Homeowners and investors alike had a good few of months to start the year. Collectively, they raked in up to $13.8 billion in profits on property sales between January and March. Roughly speaking, that works out at $230,000 of profit per head. The data, released by CoreLogic RP, reinforces the extent to which investor confidence in the market continues to rise.
As this growth continues, it bears asking where prices are heading in the long run. Is this growth sustainable long term? I think it is, and I’ll explain why in a moment. But first it’s worth taking a closer look at CoreLogic’s data.
Notably, the first quarter figures showed that 91% of owners and investors made a profit on sales. On its own, this figure highlights the current strength of the property market. But it also provides a key lesson for all homeowners.
In the first three months of the year, over 30% of sellers managed to double their initial purchase price. That’s impressive considering this covers all investment periods. Naturally, the length of an investment can determine the profit once it’s sold. To have one in three sellers double their purchase price makes this achievement all the more striking.
At the same time, the length of an investment made a significant difference to profitability.
Those that held properties for an average of 10 years predominantly made a profit. Meanwhile, holding property for an average of 17 years tended to double a return on investment.
However, investor and owners that made a loss on their investments usually held their property for an average of six years. But we shouldn’t be surprised by this. It’s logical that the length of an investment determines the profit margin. That tends to occur in a booming housing market.
The future of the housing market depends on where you live
There’s no question that housing, on a national level, is still growing. You might not feel that way if you live in Adelaide, but you can’t escape it if you’re living in Sydney or Melbourne.
The truth is that Australia’s housing market is diverse. There are no broad strokes when we’re talking about real estate nationally. Every city has a unique set of circumstances that dictates the health of the local market.
But it’s also true that both local and national economic factors play their part in determining the success, or failure, of a city’s housing market.
The housing boom, for all intents and purposes, is confined to a few cities.
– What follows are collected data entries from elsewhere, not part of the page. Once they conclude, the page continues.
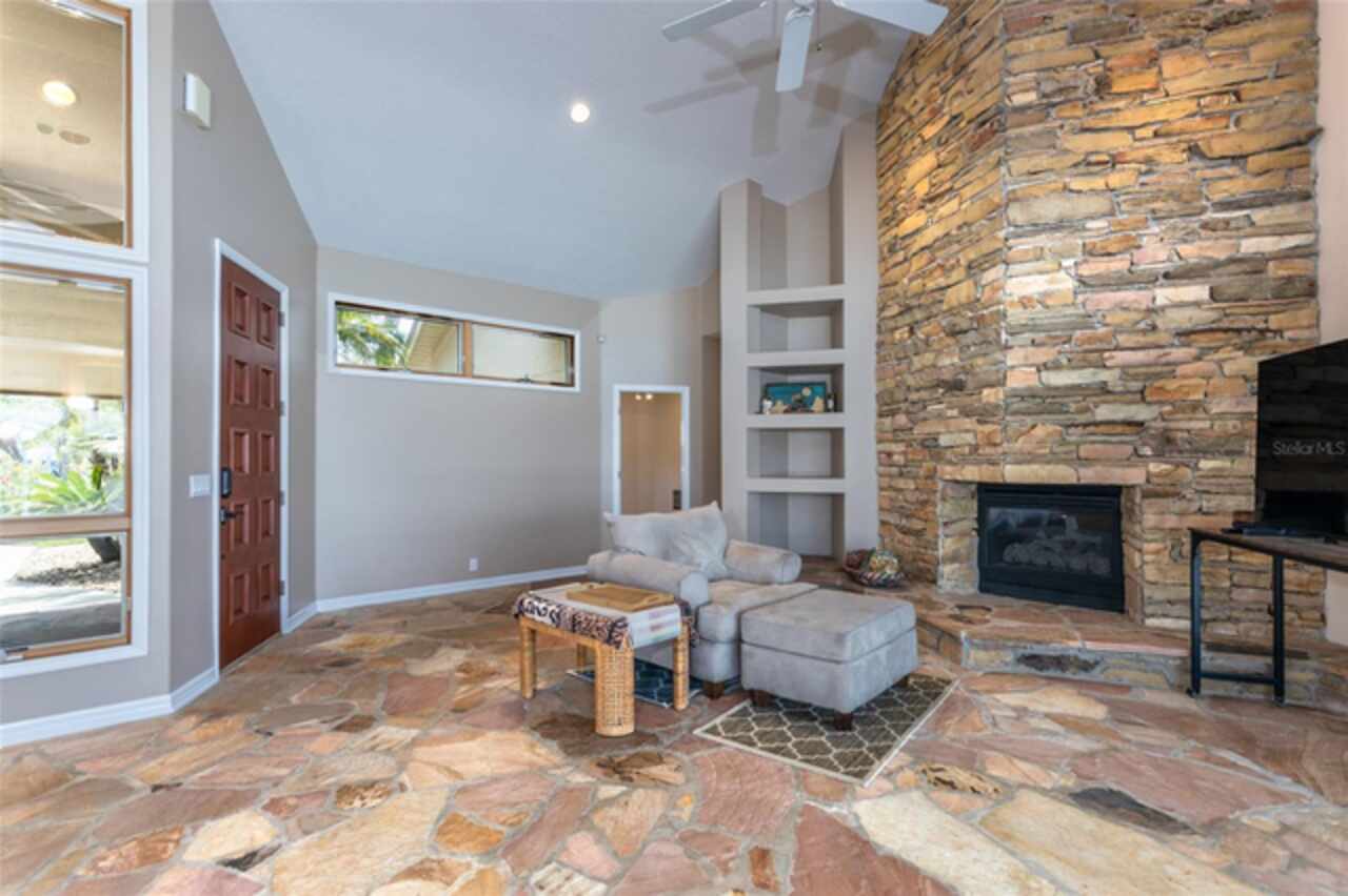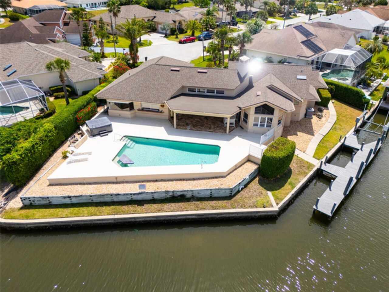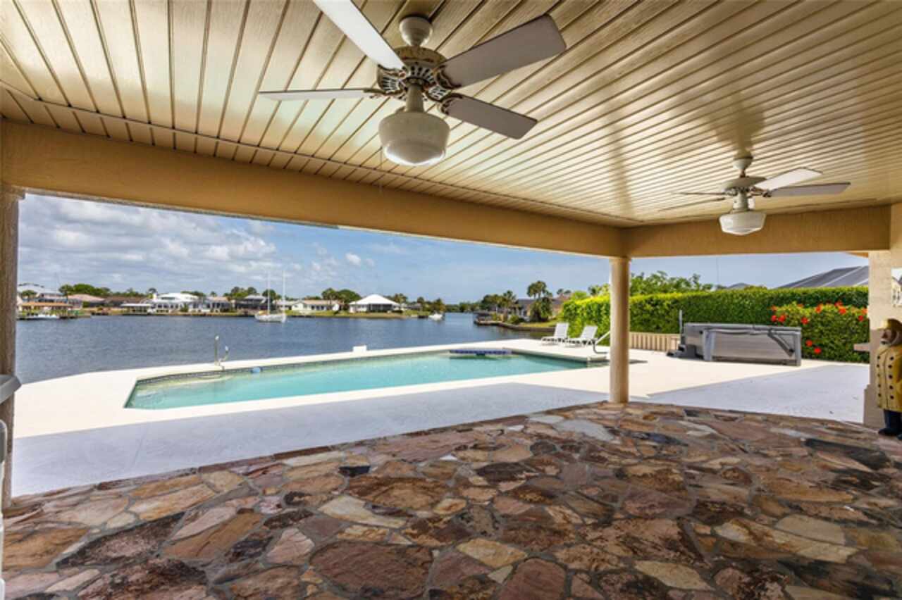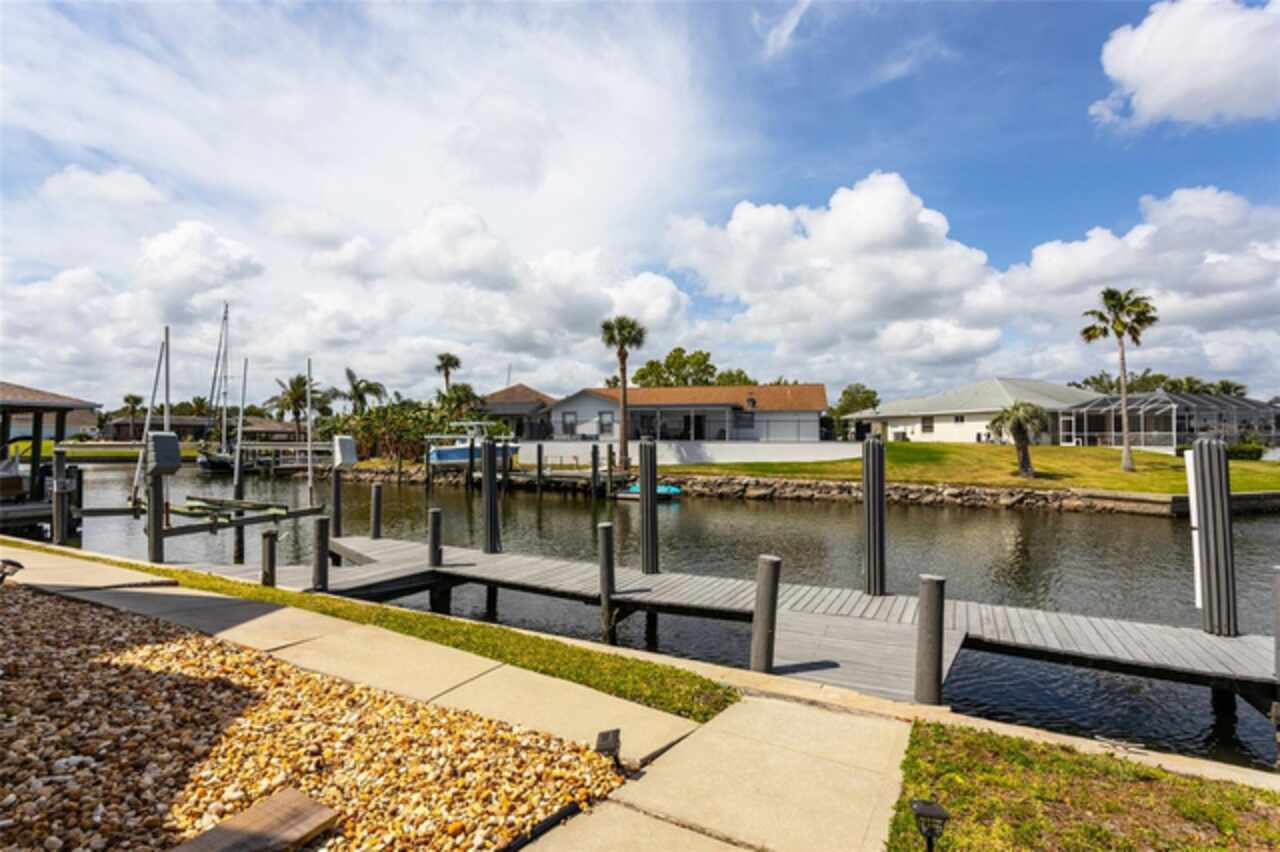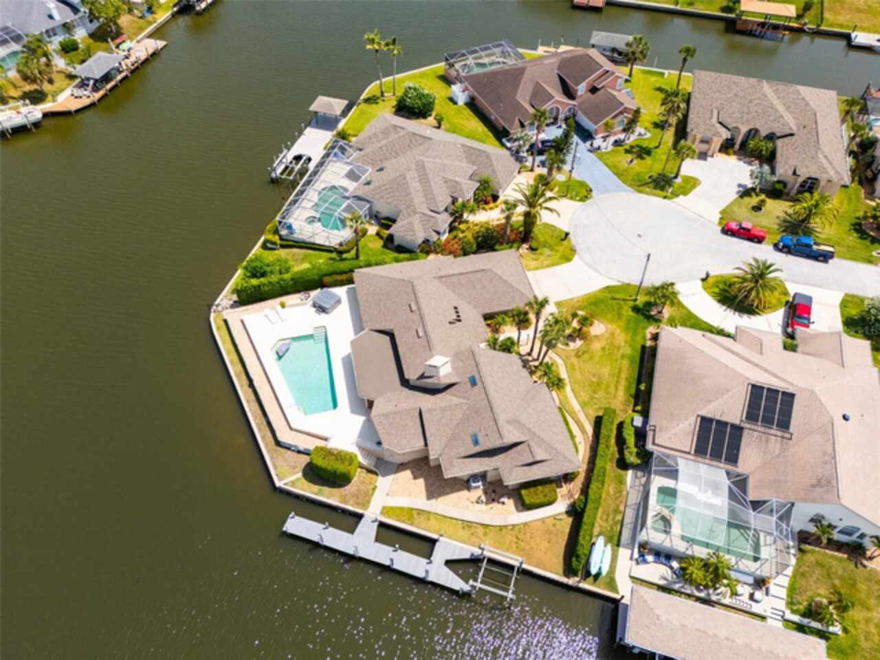 Under contract-accepting backup offers. "Reduced To Sell" "Sailboat Country" Located on Cul-de-Sac, Quiet Road. Up-Scale Community area. "C" Section on waterfront. Deep Water Country, Sits on Large Canal Water Basin, Full Boat Dock with Lift. Pool is in sun all day. Rear of house faces West for excellent sunsets and view of pool, deck and canal basin. Dolphin and Tarpon in the Basin. Interior Features: Primary Bedroom has a Walk-in closet for two with Built-in Drawers and shelves. Great room has a Stone Fireplace that rises to the vaulted ceiling. Ceiling Fans: 11, Eat-In Kitchen w/counter sitting, Nook area table with view of pool & canal. High Ceilings, Vaulted, Tall Flat Surface Counters consist of a mix of Tile and Laminated materials, Flooring: Tile, Tennessee Sandstone, Carpet, Vinyl in laundry room. Window Features: Anderson brand 8’ sliding doors and windows. Other Insulated Glass windows. Central Air Two Units, Zones for different controllable areas. Over-sized Laundry Room w/Lots of Cabinets, food storage pantry. Second Refrigerator & Freezer area. Up Scaled Landscape w/ Palms, Hibiscus flowers all stone beds no wood chips. Oversized Garage Very Larger Bi-Fold closet storage 18' x 2'-6" Walk-in Attic Storage space w/pull down staircase . High Anderson Windows to brighten up and ventilate. In-Wall folding Ironing Board. Stem wall superior Concrete foundation w/monolithic slab on grade. Covered front porch, Large rear covered porch, w/beautiful stone floor, very large pool deck. Large Benched seat w/ tiled table area. Massive Pool Deck overlooking Canal Basin. UPDATE: New bath remodel, tile shower, floors & new vanity w/ sink. New White Quartz kitchen counters, all new stainless steel appliances. Today's cost to rebuild this Home & Pool with this premium lot $1, 650, 000.
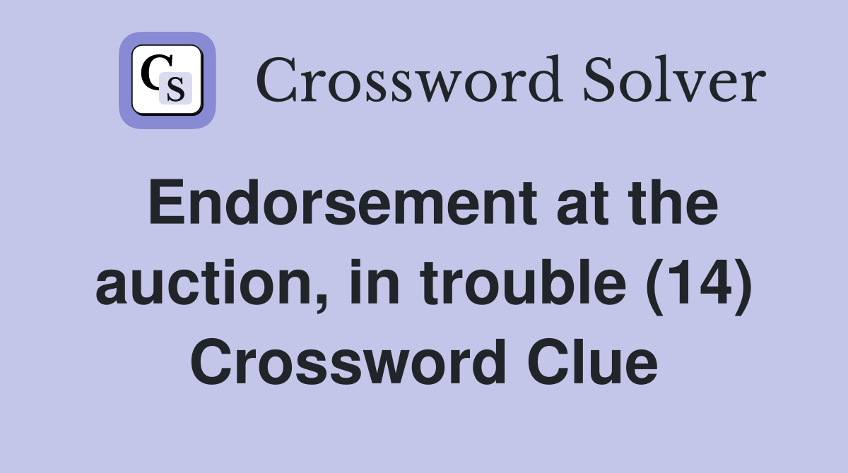 Endorsement at the auction in trouble (14) Crossword Clue Answers
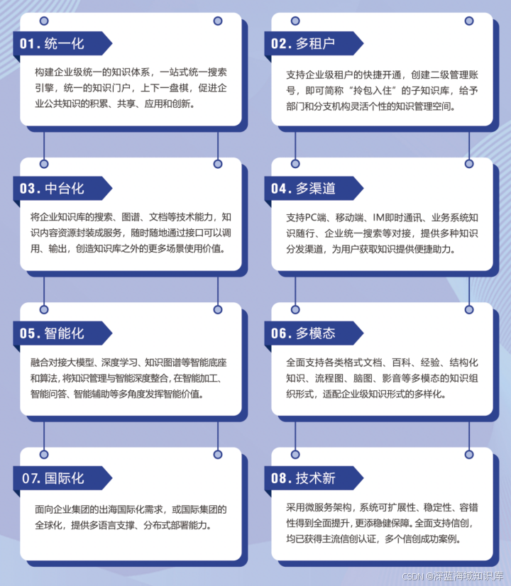 此次项目采用深蓝海域KMPRO统一智能知识管理平台7.0版本,是一款面向企业级知识管理需求的新一代产品。在继续秉持全生命周期知识管理的产品理念和能力基础上,该系统采用多租户模式,支持集团多层级法人或分支机构独立使用,兼顾集团统一管管理和租户个性化应用。国际化模式支持多语言、全球分布式部署,助力企业集团出海战略。知识中台以微服务和丰富的API对外提供知识能力和内容输出服务。多终端接入,支持WEB、移动端、IM、业务系统对接等多种场景模式访问和调用知识库。

When we talk about a housing bubble, we’re really just referring to Sydney and Melbourne. They’re responsible for most of the growth we’re seeing in the national property market.
You only need to look at other cities for evidence of this. House prices in Perth, affected by the mining industry’s decline, are stagnating. At the same time, house prices have fallen slightly in Adelaide..
So when we talk about bubbles, the first question needs to be: does Sydney have one?
At face value, it might appear that way. Property values have rapidly risen by 15% in the past year. And last month it was revealed that median house prices are quickly approaching the $1 million barrier. To put this in perspective, Melbourne is the only other city with median prices above $500,000.
But if a bubble is forming, we’re not approaching the end game just yet. Demand remains sky high. Auction clearance rates regularly top 80%, and prices continue to grow. If Sydney does have a housing bubble, it seems likely that it will keep expanding before it bursts.
Does the housing market suffer from oversupply?
Recently, a new theory has emerged that runs counter to what we’ve been led to believe. It’s commonly accepted by economists that Sydney’s market suffers from an undersupply of housing — not oversupply. But according to economists Lindsay David and Philip Soos, the property boom may be masking a layer of ‘stale stocks of housing’.
They claim that the housing boom we’re seeing, in places like Sydney, is papering over what is otherwise an oversupplied market. In their view, any detrimental change in the Aussie economy could expose this by lowering demand. What we’d be left with then is too many properties with too few buyers, putting downward pressure on prices.
Let’s imagine for a moment that their theory has some merit. What would it mean for the future of the property market?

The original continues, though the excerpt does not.